I have spaces and characters like ( ) - ,... They are names of actual songs and I would need it to work with actual song names as this is part of my usb integration in bmw e39 radio...
I tried to make buffer longer and result is the same.
This is a bad idea all by itself. Special characters and spaces in filenames sometimes work and sometimes don't. Safe ASCII chars always do work. Sanitize your names and you'll have one less thing to worry about.
The proper way to display a song name is to look into the file's metadata (the ID3 tag in your case), not to parse the filename itself. Make the filename just a rough imitation of the title for your convenience, but don't encode actual information in it.
Any particular reason why? Metadata, by the way, has nothing to do with filenames. The two can, and should be kept separate, because they are used for different purposes altogether. Metadata is meant to display information about the audio file such as the title, the artist, the album... I'm sure you are familiar with the concept, are you not? Using the filename itself to encode that stuff is a dirty hack that will come back to haunt you sooner or later (and it looks like it already did).
Yes, I always prefered filename to be shown... It's just the way I like it, no need to care if file has metadata or not when loading 150 songs on flash drive.
The mp3 decoder board also cant query metadata, just filenames.
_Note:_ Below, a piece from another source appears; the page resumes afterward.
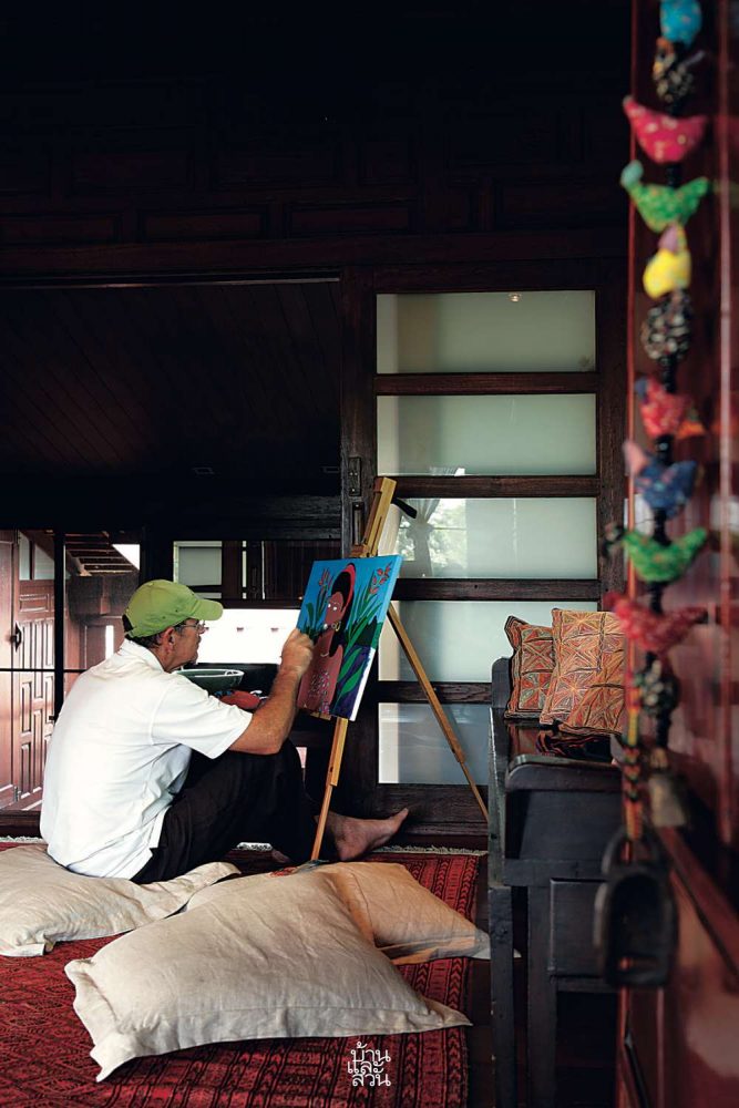 ดอกสีแดงสวยของต้นหางนกยูงต้นใหญ่ซึ่งปลูกได้ไม่นานแต่ก็โตไวร่วงหล่นอยู่บนบันไดที่นำเราขึ้นไปสู่ชั้นสองของบ้าน พ้นบันไดมีลานนั่งเล่นเล็กๆแบบบ้านไทยโบราณเปิดโล่งรับลมก่อนเข้าห้องนอนใหญ่และห้อง รับแขก เราแอบเห็นภาพวาดสีสดสไตล์จาเมกาที่ยังวาดไม่เสร็จ แววตาสดใสแฝงความสุขของนางแบบในภาพทำให้เราอมยิ้มอยู่ในใจ เมื่อคุณเอ๋ยเห็นภาพนี้ก็หันไปถามคุณแกรี่ว่าเมื่อไรจะวาดรูปนี้เสร็จ พร้อมบอกให้วาดหน้าสวยๆ คุณแกรี่เลยหันมาบอกเราว่าเขาชอบวาดภาพเป็นงานอดิเรกและยังรักการถ่ายภาพด้วย

This seems weird to me: MP3 is an ancient format and the ID3 tag, either in version 1.1 or 2.3, is widely supported across devices. As a last resort, you can try to implement ID3 support yourself by parsing the MP3 binary file itself. The format is extremely well documented all over the web, so it shouldn't be a problem. Try to go for ID3 v. 2.3 first if you can, because it can hold more info and also, it sits at the head of the file, as opposed to the tail, like is the case with v. 1.1, so you don't have to parse the whole audio data to reach it.
Another solution, of course, would be to replace your contraption by a single board computer (like a Raspberry or a Banana Pi) that will be able to take care of everything and read many more formats besides MP3, like FLAC, Vorbis, APE, WavePack, Opus and what have you.